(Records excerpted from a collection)
--------
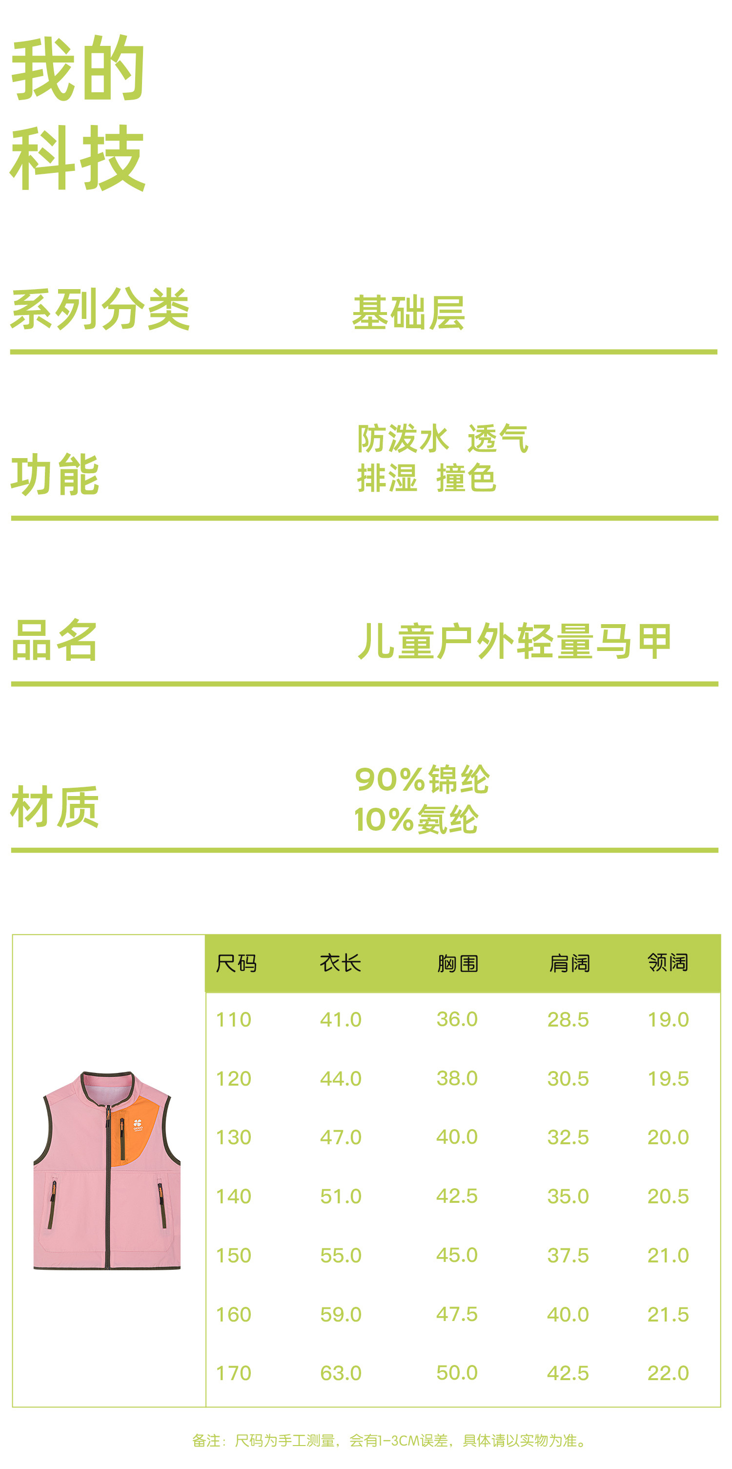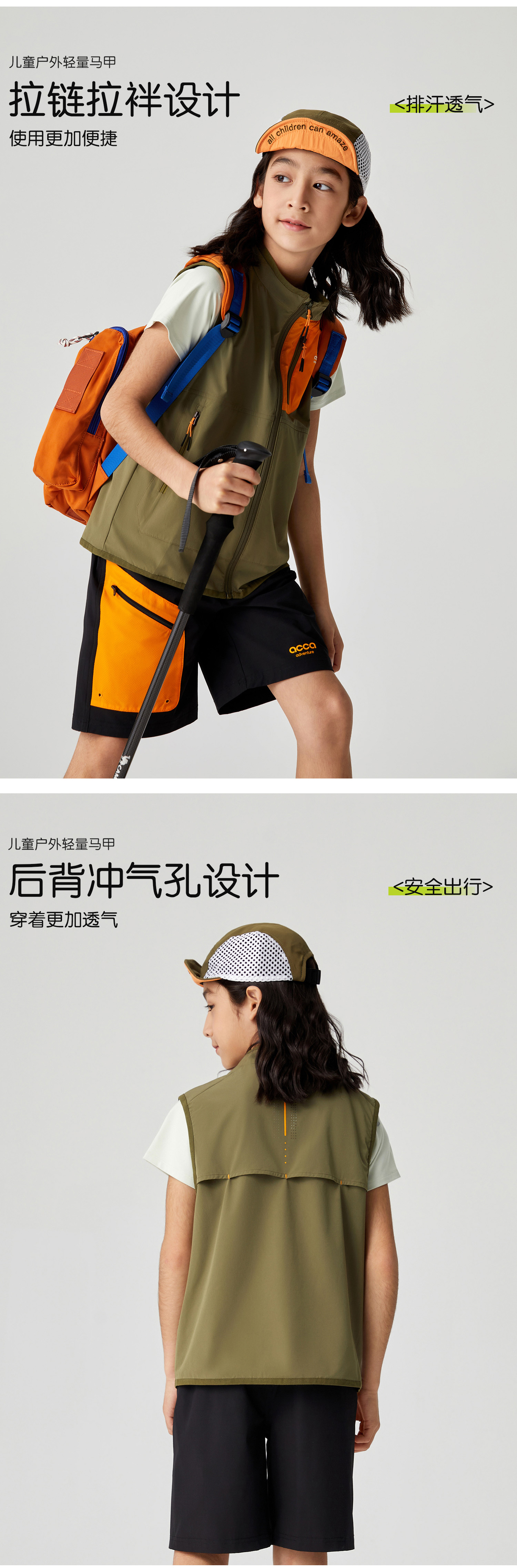 acca男女儿童户外轻量马甲防水面料速干透气吸湿排汗轻薄耐磨外套
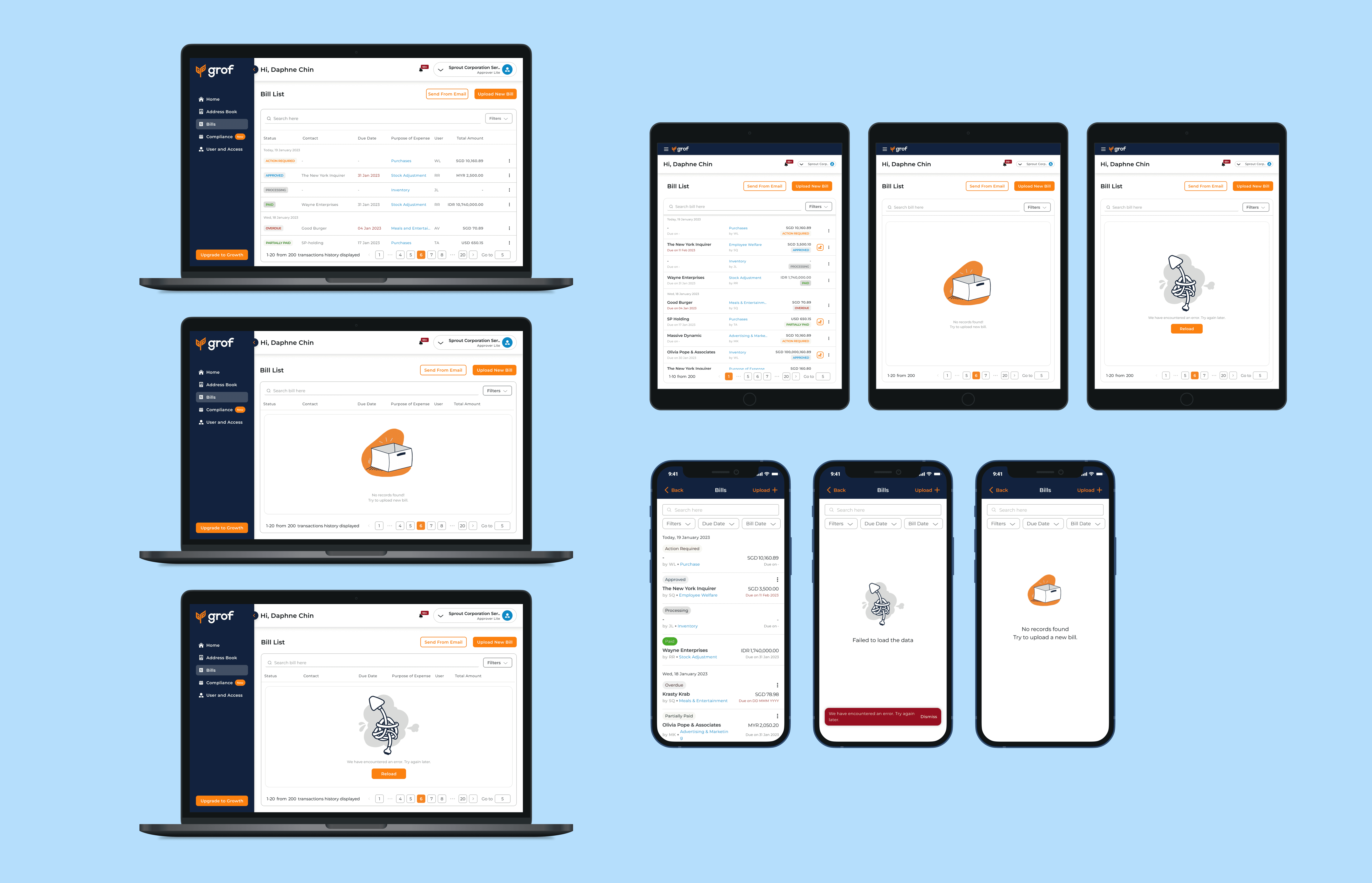 Created a bill list table with clear upcoming due dates to help companies monitor upcoming bills and avoid late payments.
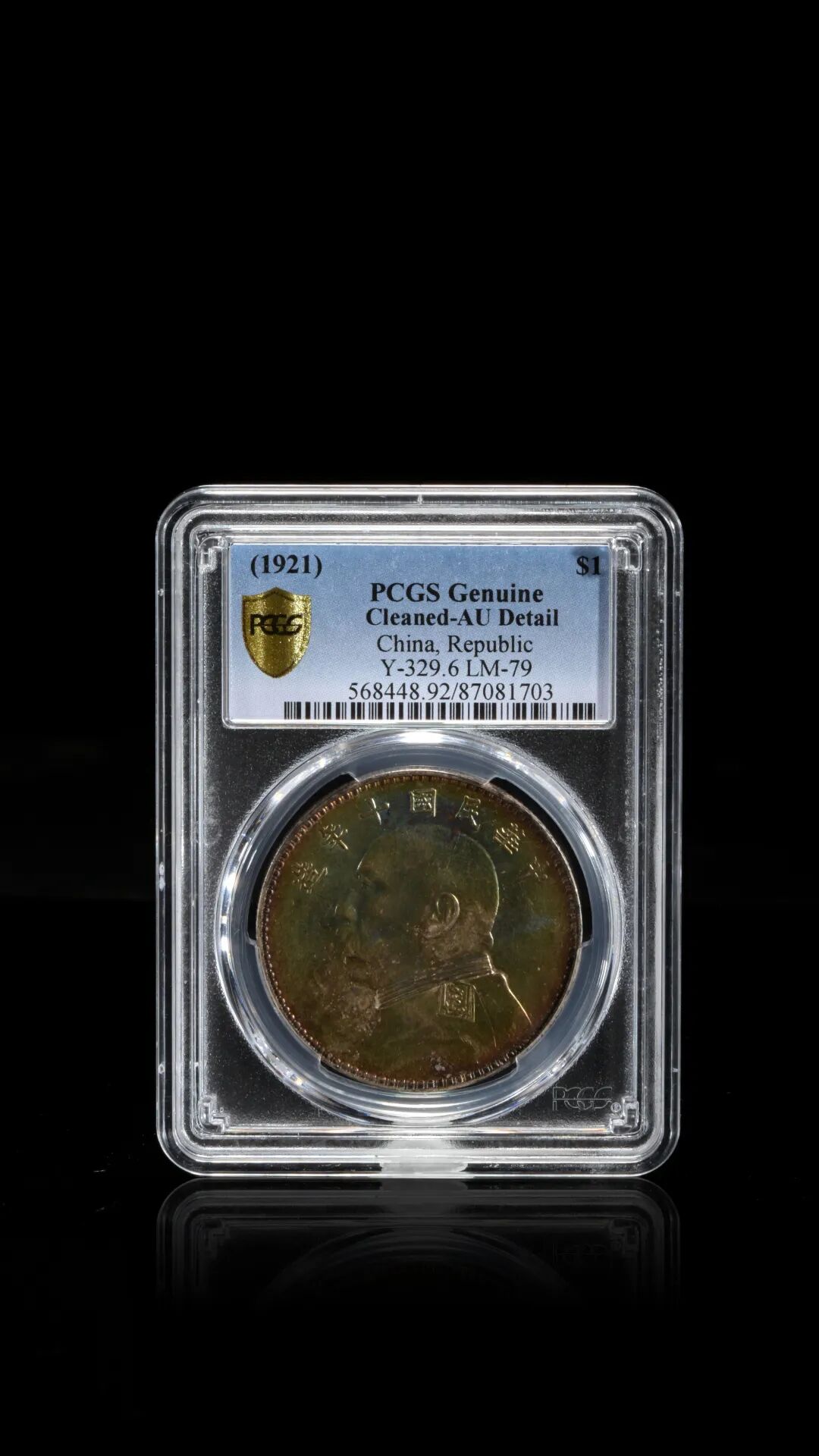 民国十年袁世凯像壹圆银币一枚,PCGS AU Detail
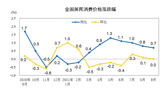 國家統(tǒng)計(jì)局14日發(fā)布數(shù)據(jù),9月份,全國居民消費(fèi)價(jià)格指數(shù)(CPI)同比上漲0.7%,漲幅比上月回落0.1個(gè)百分點(diǎn);工業(yè)生產(chǎn)者出廠價(jià)格指數(shù)(PPI)同比上漲10.7%,漲幅比上月擴(kuò)大1.2個(gè)百分點(diǎn)。
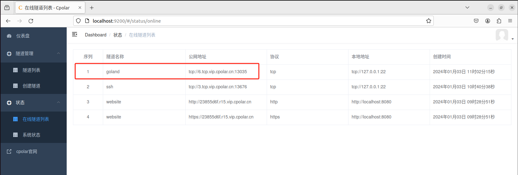 隧道更新成功后,点击左侧仪表盘的状态——在线隧道列表,可以看到公网地址已经更新成为了固定TCP地址。
--------
- Task instructions:
All lines from the one containing "Created a bill" through the end of the data are to be written out exactly, with nothing added; skip the pictures.

- Worked solution:
 Created a bill list table with clear upcoming due dates to help companies monitor upcoming bills and avoid late payments.
 民国十年袁世凯像壹圆银币一枚,PCGS AU Detail
 國家統(tǒng)計(jì)局14日發(fā)布數(shù)據(jù),9月份,全國居民消費(fèi)價(jià)格指數(shù)(CPI)同比上漲0.7%,漲幅比上月回落0.1個(gè)百分點(diǎn);工業(yè)生產(chǎn)者出廠價(jià)格指數(shù)(PPI)同比上漲10.7%,漲幅比上月擴(kuò)大1.2個(gè)百分點(diǎn)。
 隧道更新成功后,点击左侧仪表盘的状态——在线隧道列表,可以看到公网地址已经更新成为了固定TCP地址。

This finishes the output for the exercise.